DIRECTIONS FOR THIS TASK
Print the records below word for word, but leave out the pictures.
PROVIDED ENTRIES START
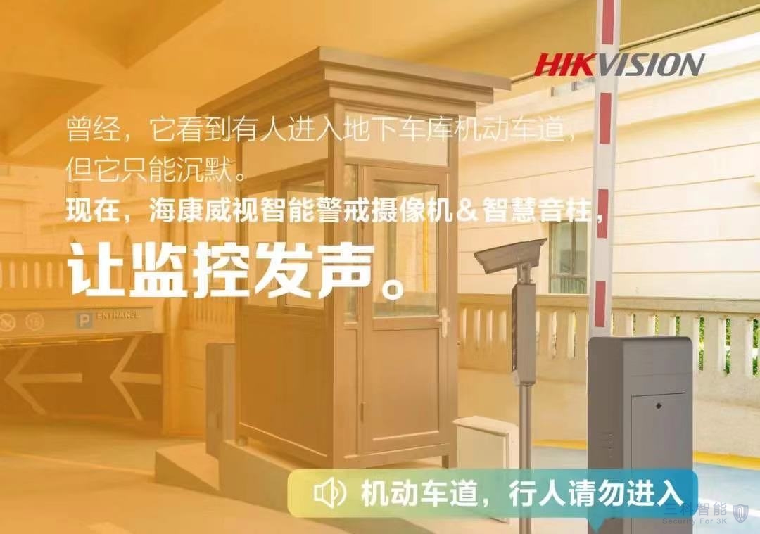 在小區地下車庫車輛出入口安裝海康威視智能警戒攝像機,聲光報警,提醒居民遠離,減少危險發生。
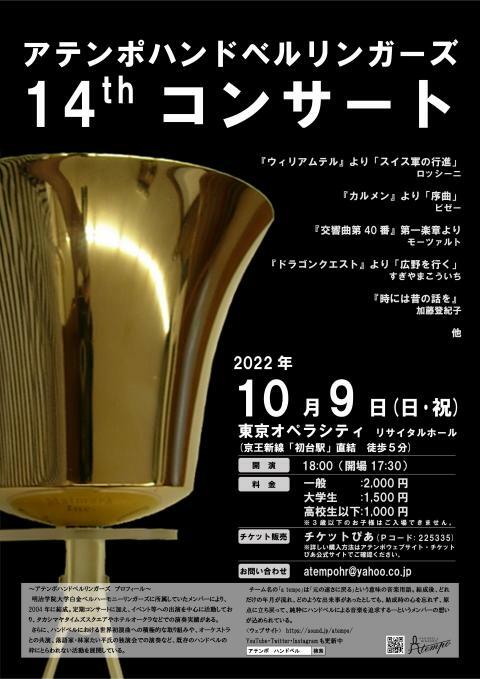 アテンポハンドベルリンガーズ 14thコンサート 22/10/9(日) 東京オペラシティ リサイタルホール シェア ツイート アテンポハンドベルリンガーズ、3年ぶりのコンサート開催! 公演情報 ジャンル 室内楽 器楽 3歳以下は入場不可。学生券は学生証の提示を求める場合あり。 料金 全席自由 一般-2,000円 全席自由大学生-1,500円 全席自由高校生以下-1,000円 表示できるチケット情報はありません詳しくはこちら キャスト&スタッフ 出演 アテンポハンドベルリンガーズ お問い合わせ アテンポハンドベルリンガーズ事務局 シェア ツイート
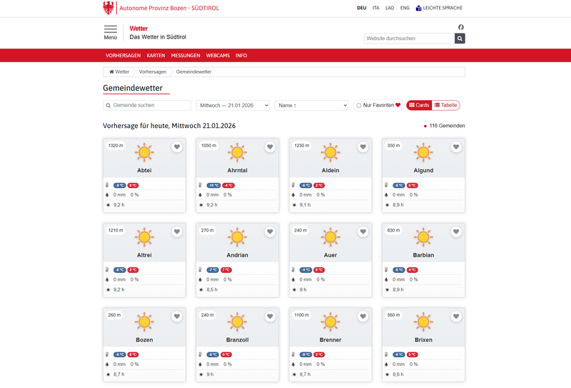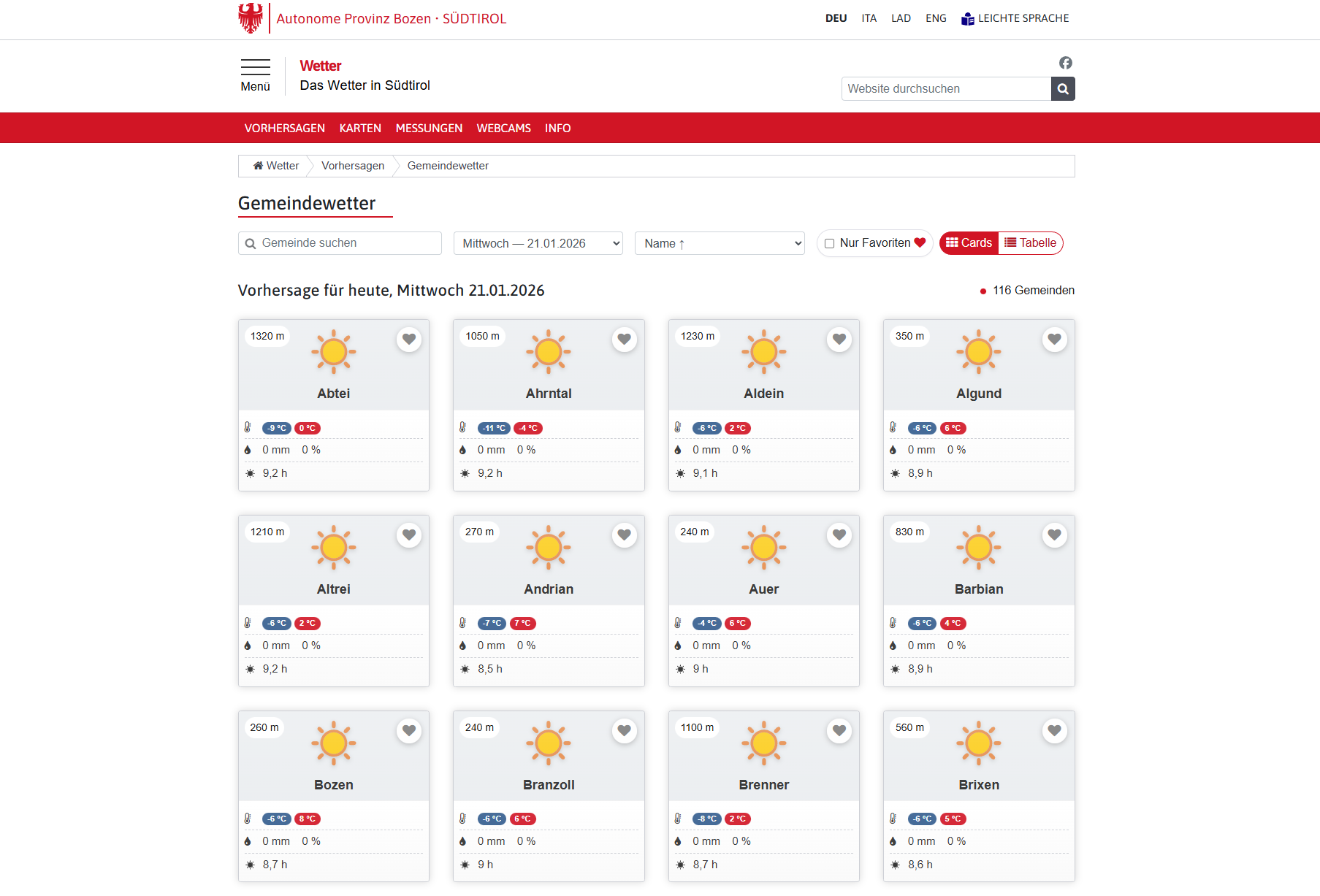 Neugestaltetes Wetterportal des Amtes für Meteorologie und Lawinenwarnung in der Agentur für Bevölkerungsschutz mit detailliertem Gemeindewetter und innovativen Widgets
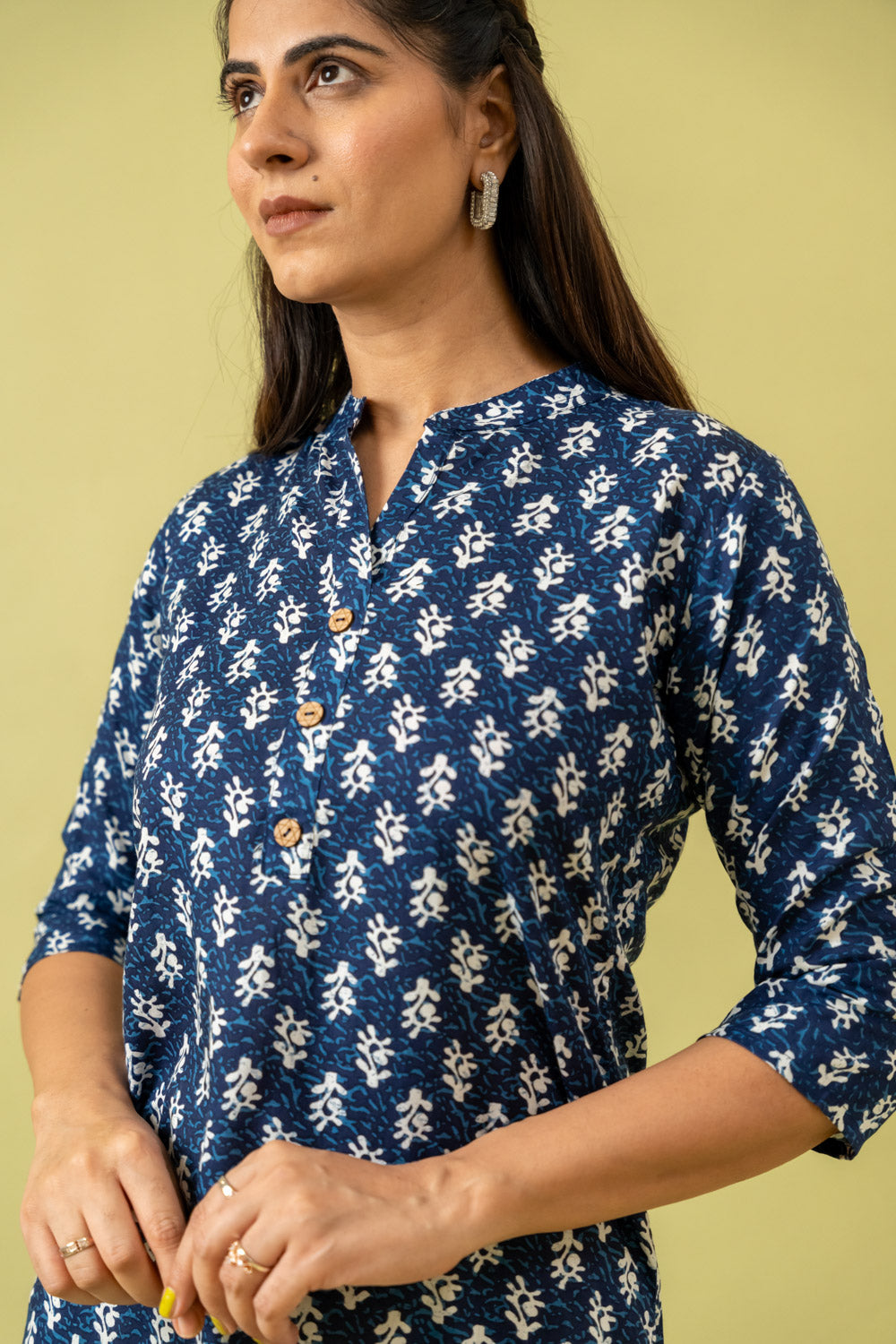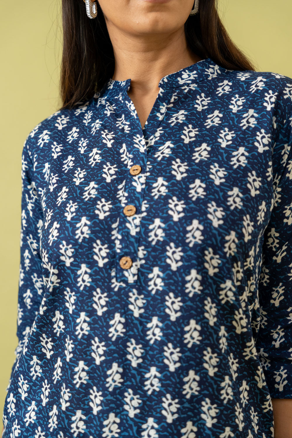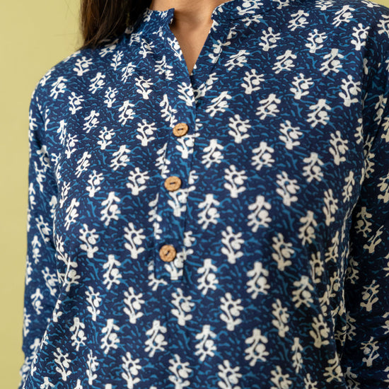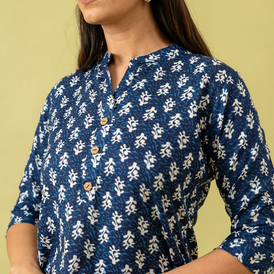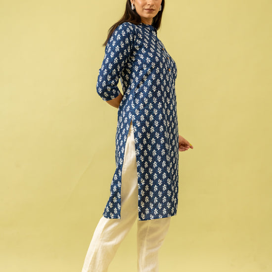 Panna Indigo Blue Floral Printed Cotton Readymade Long Kurta
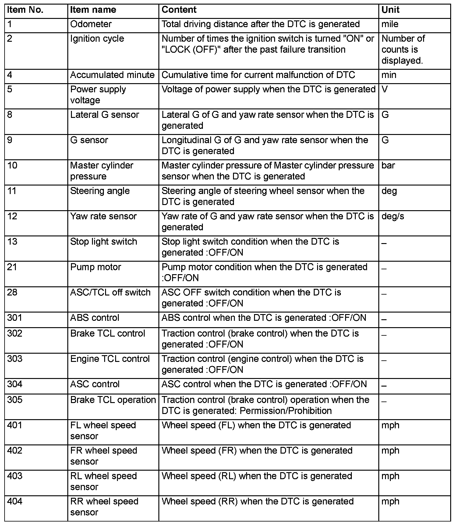 When detecting fault and storing the DTC, the ECU connected to CAN bus line obtains the data before the determination of the DTC and the data when the DTC is determined, and then stores the ECU status of that time. By analyzing each data from scan tool, the troubleshooting can be performed more efficiently. The displayed items are as the table below.
PROVIDED ENTRIES END
REPLY
 在小區地下車庫車輛出入口安裝海康威視智能警戒攝像機,聲光報警,提醒居民遠離,減少危險發生。
 アテンポハンドベルリンガーズ 14thコンサート 22/10/9(日) 東京オペラシティ リサイタルホール シェア ツイート アテンポハンドベルリンガーズ、3年ぶりのコンサート開催! 公演情報 ジャンル 室内楽 器楽 3歳以下は入場不可。学生券は学生証の提示を求める場合あり。 料金 全席自由 一般-2,000円 全席自由大学生-1,500円 全席自由高校生以下-1,000円 表示できるチケット情報はありません詳しくはこちら キャスト&スタッフ 出演 アテンポハンドベルリンガーズ お問い合わせ アテンポハンドベルリンガーズ事務局 シェア ツイート
 Neugestaltetes Wetterportal des Amtes für Meteorologie und Lawinenwarnung in der Agentur für Bevölkerungsschutz mit detailliertem Gemeindewetter und innovativen Widgets
 Panna Indigo Blue Floral Printed Cotton Readymade Long Kurta
 When detecting fault and storing the DTC, the ECU connected to CAN bus line obtains the data before the determination of the DTC and the data when the DTC is determined, and then stores the ECU status of that time. By analyzing each data from scan tool, the troubleshooting can be performed more efficiently. The displayed items are as the table below.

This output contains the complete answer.